Earlier in 2009, Pollack predicted the Valley would end the year with an extraordinary number of vacant properties, perhaps totaling 50,000. By November, Pollack was quickly re-tabulating, and now expects 80,000 vacant properties, or about 9.8 percent of the market. Historically, vacant homes only made up 2.3 percent of the market.

“This is a big, continuing supply of properties,” Pollack says.

“Phoenix is still a long way from getting back to a market that is structurally normal.” – Jay Butler, Arizona State University

Bad Options
That number could get even bigger in 2010 due to resets on adjustable-rate mortgages.

Earlier in the last decade, during the heyday of exotic mortgages, one of the more popular loans was the Option-ARM, which initially offered the borrower four monthly payment options all with low teaser rates that would eventually reset. The borrower generally made payments less than the accruing interest, which resulted in negative amortization, or the unpaid portion of the interest added to the principal balance.

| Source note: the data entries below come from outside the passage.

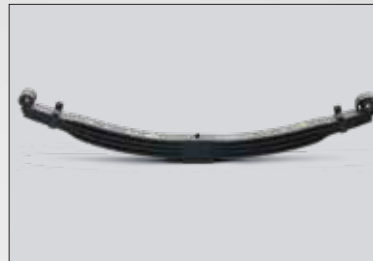
Best-In-Class Ride Comfort with Parabolic Suspension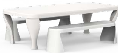
BAROK TABLE AND BENCH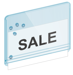
Fluid Resistant Zip Pouch FRVP-107399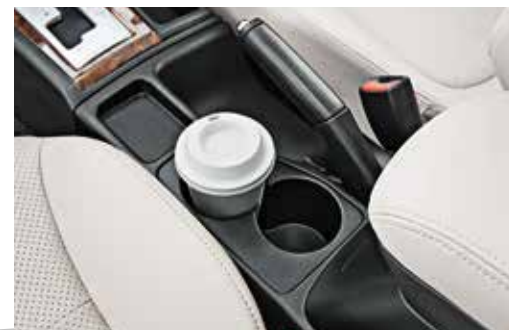
FRONT CUP HOLDERS ON FLOOR CONSOLE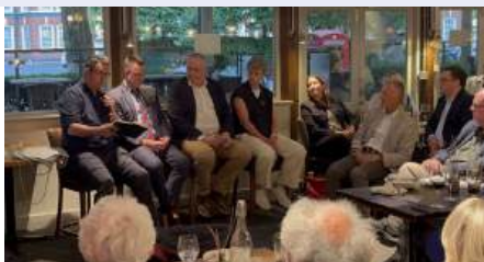
Celebration of our history hosted at the Lord's Tavern after our AGM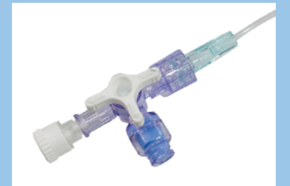
Single Port with Stopcock and Needleless Connector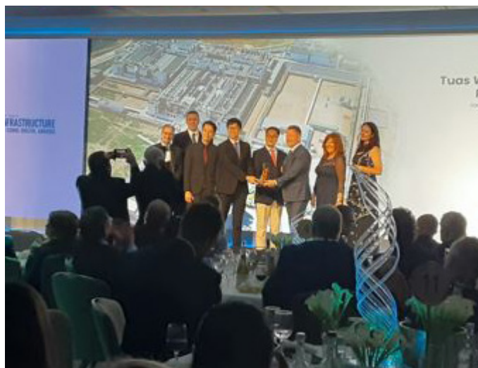
The winning team of Jacobs and PUB accepting their award.

Leveraging OpenFlows WaterSight and 3D Structural Analysis And Design Software (STAAD) from Bentley, L&T modeled and analyzed multiple hydraulic operating scenarios to ensure that the sewer and water network is optimized and performed structural design and analysis for 125 different structures. The integrated technology solution saved 40% in engineering resource

Most of these loans were written in 2005 and 2006, with five-year resets. Starting this year and going into next year, these mortgages will reset with higher rates and at a range unaffordable to most holders of Option-ARMs.

Securitzed Option-ARMS (about 70 percent of all Option-ARMs are securitized) total $189 billion, and of that $134 billion will be recast in 2010 and 2011, reports Alla Sirotic a senior managing director at Fitch Ratings.

“This is a product that will see one of the highest default rates,” she adds.

And Butler maintains: “This will be another subprime-type trampling of the mortgage market. Some people say this is where a lot of the foreclosures are. Some say it won’t be as big an issue because a lot of people will be able to refinance. It depends on what they reset to and interest rates are low right now.”